=== Data provided ===
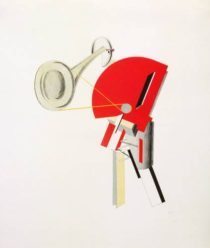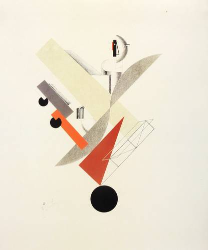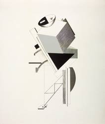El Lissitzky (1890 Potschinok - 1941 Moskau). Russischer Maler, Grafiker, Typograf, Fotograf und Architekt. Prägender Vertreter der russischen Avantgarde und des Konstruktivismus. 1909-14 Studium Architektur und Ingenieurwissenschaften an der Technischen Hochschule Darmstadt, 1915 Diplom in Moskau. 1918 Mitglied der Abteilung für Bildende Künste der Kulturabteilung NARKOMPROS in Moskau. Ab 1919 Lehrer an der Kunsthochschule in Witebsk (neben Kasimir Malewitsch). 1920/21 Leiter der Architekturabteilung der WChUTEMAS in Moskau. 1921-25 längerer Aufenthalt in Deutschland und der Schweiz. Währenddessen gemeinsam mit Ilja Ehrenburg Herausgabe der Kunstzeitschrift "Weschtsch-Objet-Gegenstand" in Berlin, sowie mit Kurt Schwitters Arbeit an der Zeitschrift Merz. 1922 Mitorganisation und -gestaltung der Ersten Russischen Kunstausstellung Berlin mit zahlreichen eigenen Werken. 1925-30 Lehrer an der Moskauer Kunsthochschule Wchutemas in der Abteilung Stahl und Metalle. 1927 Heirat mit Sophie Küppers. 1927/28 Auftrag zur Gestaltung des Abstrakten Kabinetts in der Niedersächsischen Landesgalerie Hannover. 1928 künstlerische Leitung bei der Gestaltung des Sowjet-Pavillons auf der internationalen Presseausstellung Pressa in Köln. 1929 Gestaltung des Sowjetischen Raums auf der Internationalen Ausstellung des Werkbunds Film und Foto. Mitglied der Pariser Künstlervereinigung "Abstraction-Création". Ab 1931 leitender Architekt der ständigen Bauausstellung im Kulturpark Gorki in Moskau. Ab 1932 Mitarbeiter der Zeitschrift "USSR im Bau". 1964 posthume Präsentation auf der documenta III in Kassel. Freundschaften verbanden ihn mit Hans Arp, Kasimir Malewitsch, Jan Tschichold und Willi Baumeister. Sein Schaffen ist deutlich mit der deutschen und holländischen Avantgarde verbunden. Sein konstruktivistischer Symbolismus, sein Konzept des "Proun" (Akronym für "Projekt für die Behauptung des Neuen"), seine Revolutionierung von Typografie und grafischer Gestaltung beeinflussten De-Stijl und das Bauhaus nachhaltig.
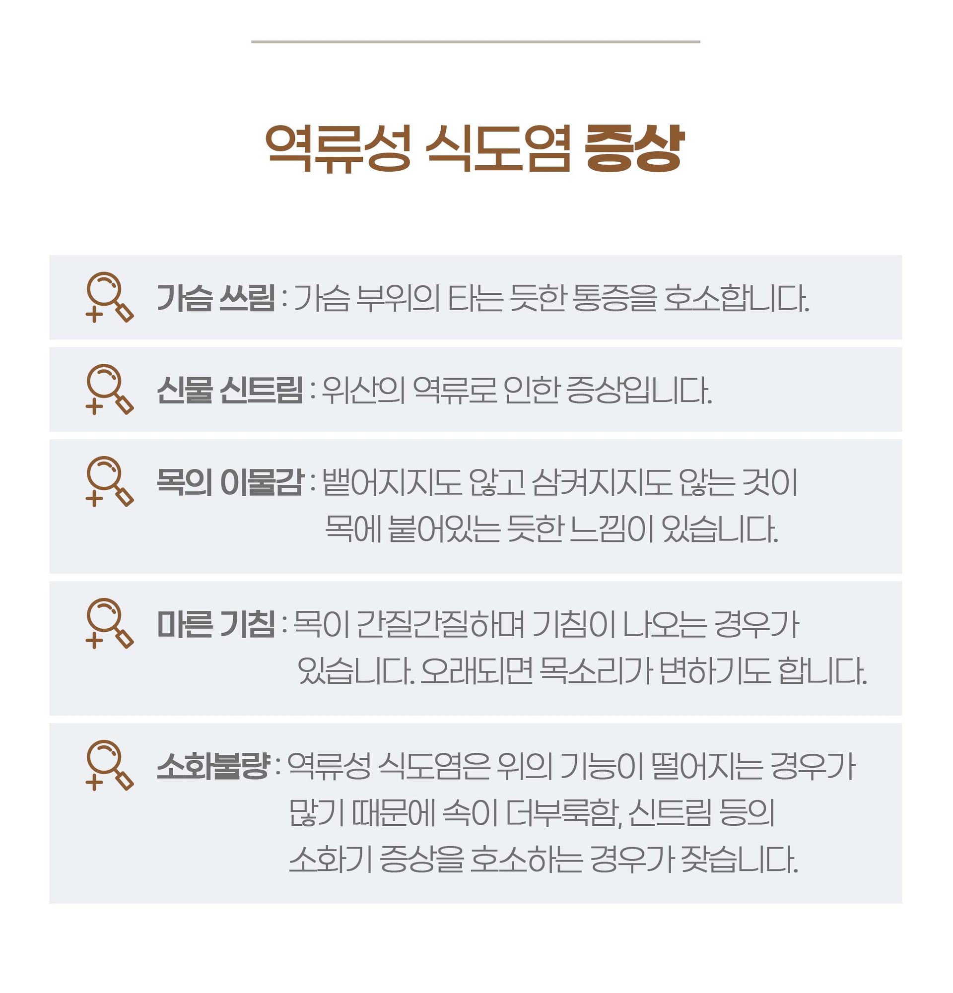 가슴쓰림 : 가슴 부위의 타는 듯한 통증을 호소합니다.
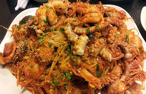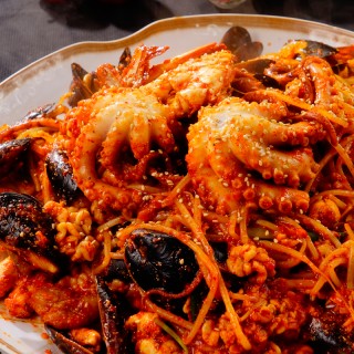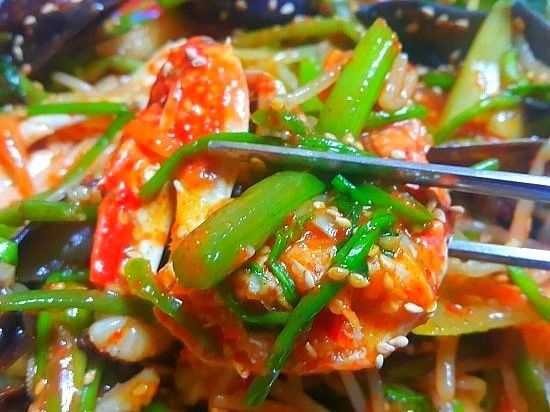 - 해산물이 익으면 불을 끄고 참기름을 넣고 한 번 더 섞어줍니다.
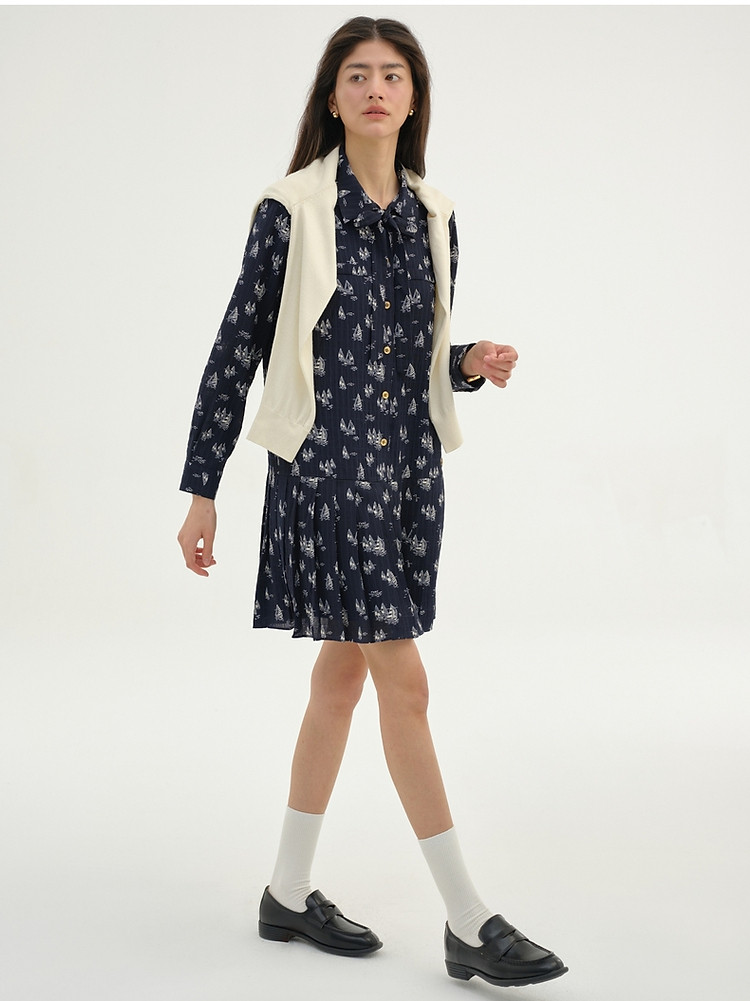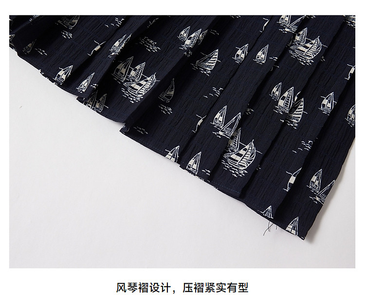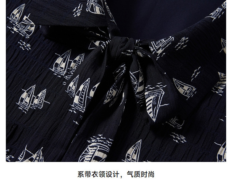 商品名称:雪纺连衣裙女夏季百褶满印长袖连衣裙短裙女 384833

=== What is needed ===
With the images removed, write out all of the material above exactly.

=== Expected answer ===
El Lissitzky (1890 Potschinok - 1941 Moskau). Russischer Maler, Grafiker, Typograf, Fotograf und Architekt. Prägender Vertreter der russischen Avantgarde und des Konstruktivismus. 1909-14 Studium Architektur und Ingenieurwissenschaften an der Technischen Hochschule Darmstadt, 1915 Diplom in Moskau. 1918 Mitglied der Abteilung für Bildende Künste der Kulturabteilung NARKOMPROS in Moskau. Ab 1919 Lehrer an der Kunsthochschule in Witebsk (neben Kasimir Malewitsch). 1920/21 Leiter der Architekturabteilung der WChUTEMAS in Moskau. 1921-25 längerer Aufenthalt in Deutschland und der Schweiz. Währenddessen gemeinsam mit Ilja Ehrenburg Herausgabe der Kunstzeitschrift "Weschtsch-Objet-Gegenstand" in Berlin, sowie mit Kurt Schwitters Arbeit an der Zeitschrift Merz. 1922 Mitorganisation und -gestaltung der Ersten Russischen Kunstausstellung Berlin mit zahlreichen eigenen Werken. 1925-30 Lehrer an der Moskauer Kunsthochschule Wchutemas in der Abteilung Stahl und Metalle. 1927 Heirat mit Sophie Küppers. 1927/28 Auftrag zur Gestaltung des Abstrakten Kabinetts in der Niedersächsischen Landesgalerie Hannover. 1928 künstlerische Leitung bei der Gestaltung des Sowjet-Pavillons auf der internationalen Presseausstellung Pressa in Köln. 1929 Gestaltung des Sowjetischen Raums auf der Internationalen Ausstellung des Werkbunds Film und Foto. Mitglied der Pariser Künstlervereinigung "Abstraction-Création". Ab 1931 leitender Architekt der ständigen Bauausstellung im Kulturpark Gorki in Moskau. Ab 1932 Mitarbeiter der Zeitschrift "USSR im Bau". 1964 posthume Präsentation auf der documenta III in Kassel. Freundschaften verbanden ihn mit Hans Arp, Kasimir Malewitsch, Jan Tschichold und Willi Baumeister. Sein Schaffen ist deutlich mit der deutschen und holländischen Avantgarde verbunden. Sein konstruktivistischer Symbolismus, sein Konzept des "Proun" (Akronym für "Projekt für die Behauptung des Neuen"), seine Revolutionierung von Typografie und grafischer Gestaltung beeinflussten De-Stijl und das Bauhaus nachhaltig.
 가슴쓰림 : 가슴 부위의 타는 듯한 통증을 호소합니다.
 - 해산물이 익으면 불을 끄고 참기름을 넣고 한 번 더 섞어줍니다.
 商品名称:雪纺连衣裙女夏季百褶满印长袖连衣裙短裙女 384833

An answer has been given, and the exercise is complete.